Published by the American Society of Agricultural and Biological Engineers, St. Joseph, Michigan www.asabe.org

Citation:  Paper number  131631085,  2013 Kansas City, Missouri, July 21 - July 24, 2013. (doi: http://dx.doi.org/10.13031/aim.20131631085) @2013
Authors:   Quan-guo Zhang, Zhi-ping Zhang, Huan Zhang, Yan-yan Jing, Qing-lin Wu, Guang-yin Xv, Jian-zhi Yue, You-zhou Jiao, Yi Wang
Keywords:   ultrastructural straw reducing sugar yield ball milling pretreatment property hydrogen production

Abstract. Cellulosic biomass can be converted into hydrogen through direct or indirect fermentation pathway. The pretreatment is a key link in hydrogen production process. Especially, mechanical crushing combined with enzymolysis pretreatment process which is an efficiently way. Therefore, it is necessary to study on the pretreatment and properties of ultrastructural straw. The reducing sugar yield which came from the straw after ball milling crushing was used as reference to carry on the single factor and orthogonal experiments to examine the effect of ball milling.
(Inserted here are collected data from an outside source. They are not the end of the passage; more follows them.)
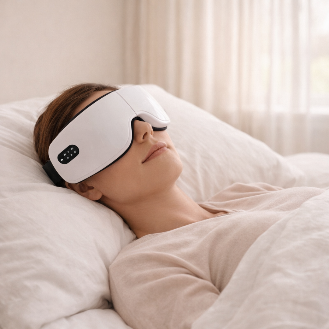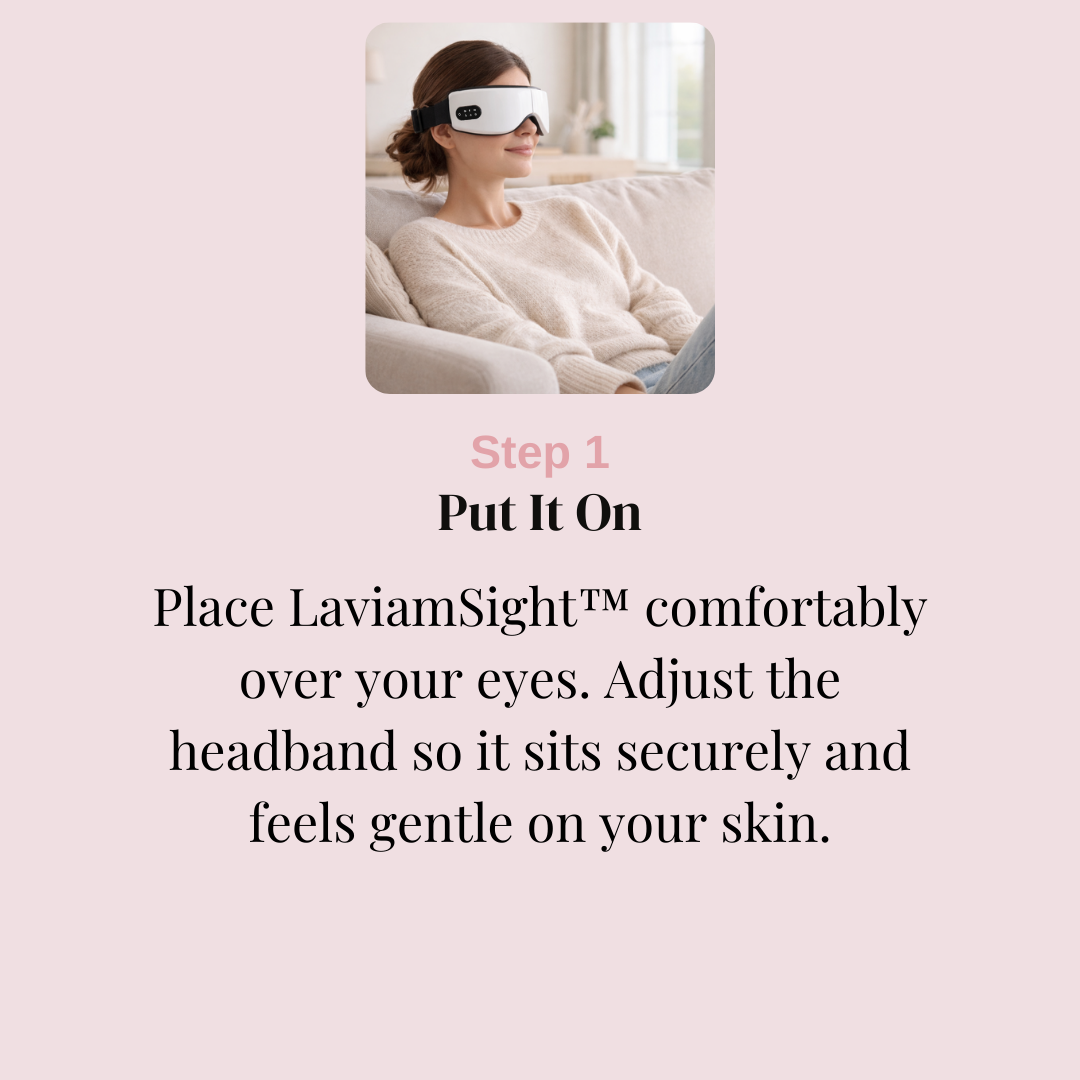 LaviamSight™ is an at-home heated eye massager designed to help your eyes feel relaxed and refreshed. It combines soothing warmth and gentle vibration to support everyday eye comfort after long hours of screen time.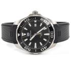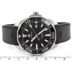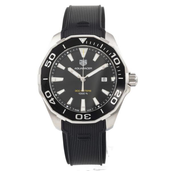 TAG Heuer Aquaracer stainless steel quartz mens watch. Black dial, date, case diameter: 43mm, wrist size: 20.5cm, Swiss made. Ref# WAY101A. With TAG Heuer black rubber strap and clasp. With Certificate of Authenticity and TAG Heuer box. 3 month FSA warranty. (Pre-owned)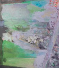 Ross’ palette, dominated by ethereal teals and greens, evokes nostalgia and otherworldliness. These recurring hues, reminiscent of oxidized patina on aged architecture, mirror cinema’s ability to transcend time. Through a process of layering, blending, and softening backgrounds against more insistent brushstrokes, Ross destabilizes familiar imagery, allowing ghostly echoes of the film to surface. Figures such as Dorothy may appear blurred, partially erased, or obscured, underscoring themes of fragility, repetition, and emotional dissociation. The result is a body of work that dissolves the boundaries between past and present, inviting viewers into a collective meditation on grief, memory, and healing.
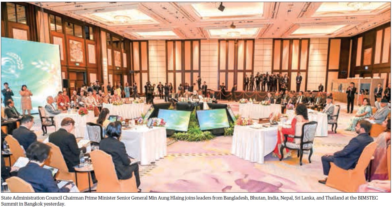 Chairman of the State Administration Council Prime Minister Senior General Min Aung Hlaing participated in the BIMSTEC Summit at Shangri-La Hotel in Bangkok of Thailand yesterday morning.
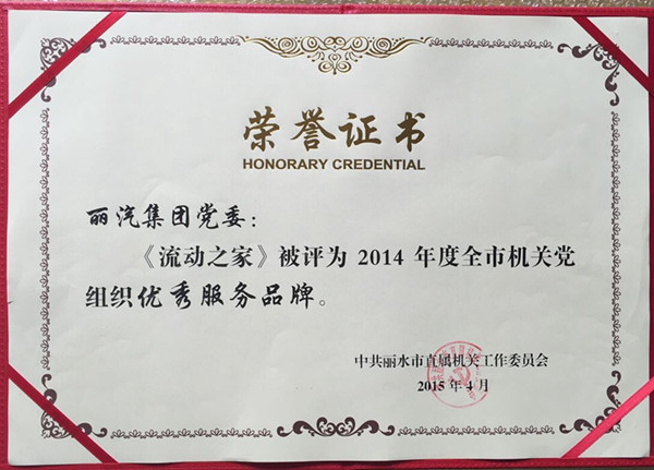 近日,麗汽集團“流動之家”服務(wù)品牌在中共麗水市直屬機關(guān)工作委員會開展的2014年度全市機關(guān)黨組織優(yōu)秀學(xué)習(xí)品牌、優(yōu)秀服務(wù)品牌評選活動中,喜獲“2014年度全市機關(guān)黨組織優(yōu)秀服務(wù)品牌”稱號。

Particle size analyzer, scanning electron microscope, X-ray diffraction was utilized to observe the properties of ultrastructural straw. Corncob was measured to have the highest reducing sugar yield. Through analyzing results with DPS analysis software, the optimal parameters of ball milling pretreatment were obtained, as followed: initial size of raw material 0.45mm, ball/powder weight ratio 20:1, milling time 2h. After ball milling, biomass cell wall was effectively opened, specific surface increased, particle size decreased, the microstructure changed and became loose and porous, the cellulose degree of crystallinity were all aggressively lowered, cellulose accessibility was increased, the saccharified rate was improved with the decreasing particle size. All these properties will make the hydrogen producing capacity increased efficiency. These parameters and properties are of great value to reduce the cost of hydrogen production and to promote the development of biological hydrogen production technology by photosynthetic bacteria.